Iron is an essential micronutrient for plant growth and development. In alkaline or calcareous soils, iron mainly exists in the form of highly insoluble ferric oxides, leading to severe "iron deficiency chlorosis" in crops, significantly impacting the yield and quality. Non-graminaceous plants (e.g., Arabidopsis thaliana) have evolved an iron uptake mechanism, in which root-specialized metabolites, particularly catecholic coumarins, play a crucial role. These coumarins are secreted into the rhizosphere where they strongly chelate and mobilize insoluble iron.

To investigate how root metabolic changes influence the assembly and function of the microbiome, a research team led by Dr. WANG Guodong from the Institute of Genetics and Developmental Biology of the Chinese Academy of Sciences screened 16 Arabidopsis thaliana mutants with disruptions in four specific metabolic pathways, grew them in alkaline natural soil, and analyzed their growth phenotypes, root metabolomes, and rhizosphere microbiomes. The study was published in Molecular Plant.

Researchers found that the lignin synthesis-deficient mutant cse-2 exhibited severe growth retardation and chlorosis under alkaline iron-deficient soil conditions. Metabolomic analysis showed a substantial reduction in bioactive coumarins in its roots, but a marked increase in several aromatic glycosides. Microbiome sequencing revealed that the rhizosphere of cse-2 was specifically enriched with a large number of Actinobacteria and Pseudomonadota bacteria possessing aromatic compound-degrading capabilities.

Using synthetic microbial communities co-incubated with root exudates, researchers demonstrated that microbial deglycosylation served as the core driver of the dynamic transformation of rhizosphere metabolites. Through biochemical and functional screening, they identified a key secreted β-glucosidase among the enriched microbes.
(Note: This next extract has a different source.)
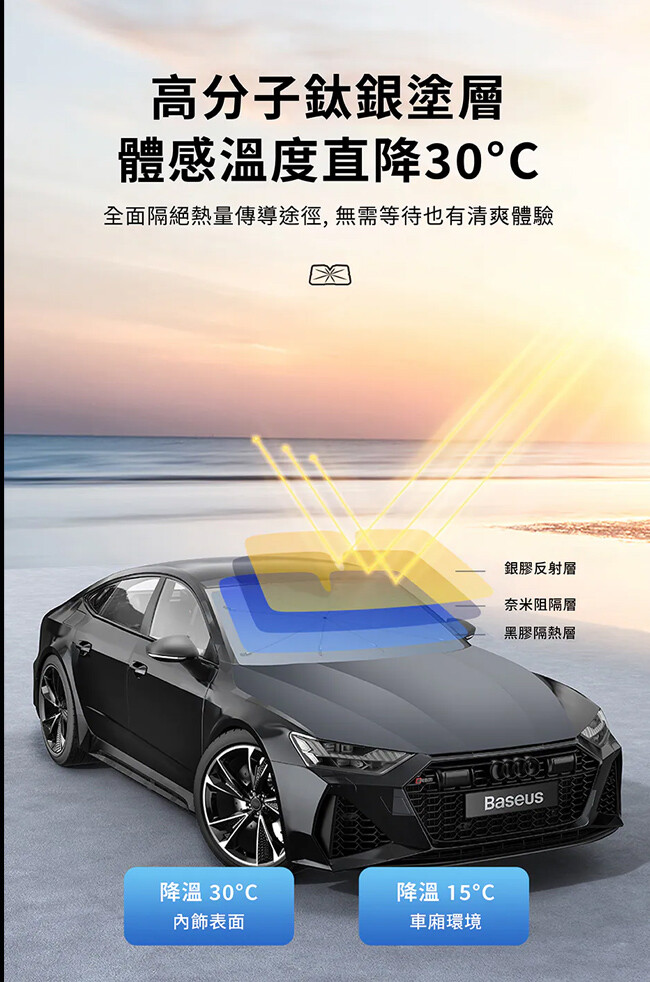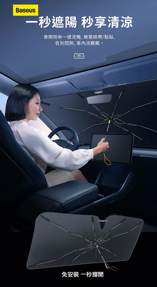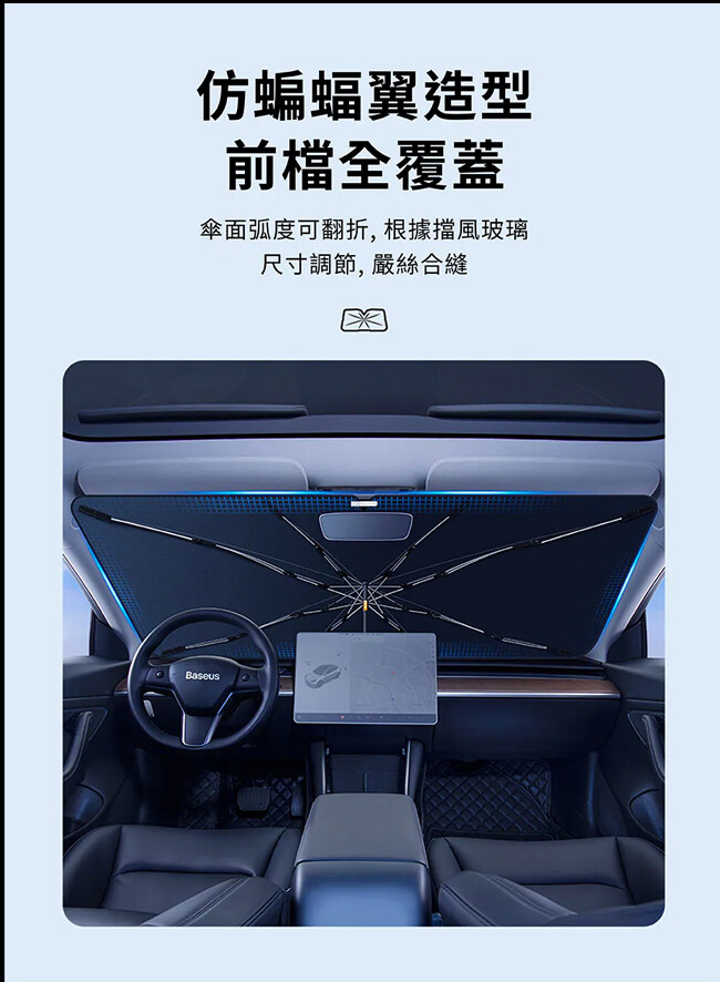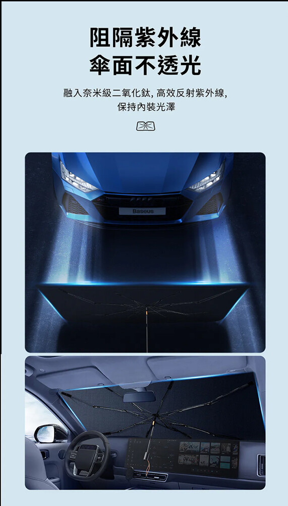 Baseus 酷享Lite 前擋風玻璃遮陽傘 銀鈦降溫清涼傘 8骨車用折疊遮陽擋板 遮陽車用

This enzyme specifically and efficiently hydrolyzes plant-secreted coumarin glycosides, cleaving their glycosidic bonds to convert them into active aglycones with high iron-chelating capacity.

To validate the in vivo efficacy of this mechanism, the β-glucosidase gene was heterologously expressed in the rhizosphere probiotic strain Pseudomonas simiae WCS417r. When grown on iron-deficient medium, Arabidopsis cse-2 mutants inoculated with this engineered strain exhibited significantly increased chlorophyll content and effectively alleviated iron deficiency symptoms.

This study proposes the concept of "dynamic remodeling" of plant-microbe metabolism, elucidating an ecological model in which microbes actively "reprocess" plant metabolites to reciprocally benefit plant health. It provides new strategies for improving iron uptake efficiency in crops grown on alkaline soils, and has a value for developing functional rhizosphere microbial inoculants and breeding stress-tolerant, high-efficiency crops.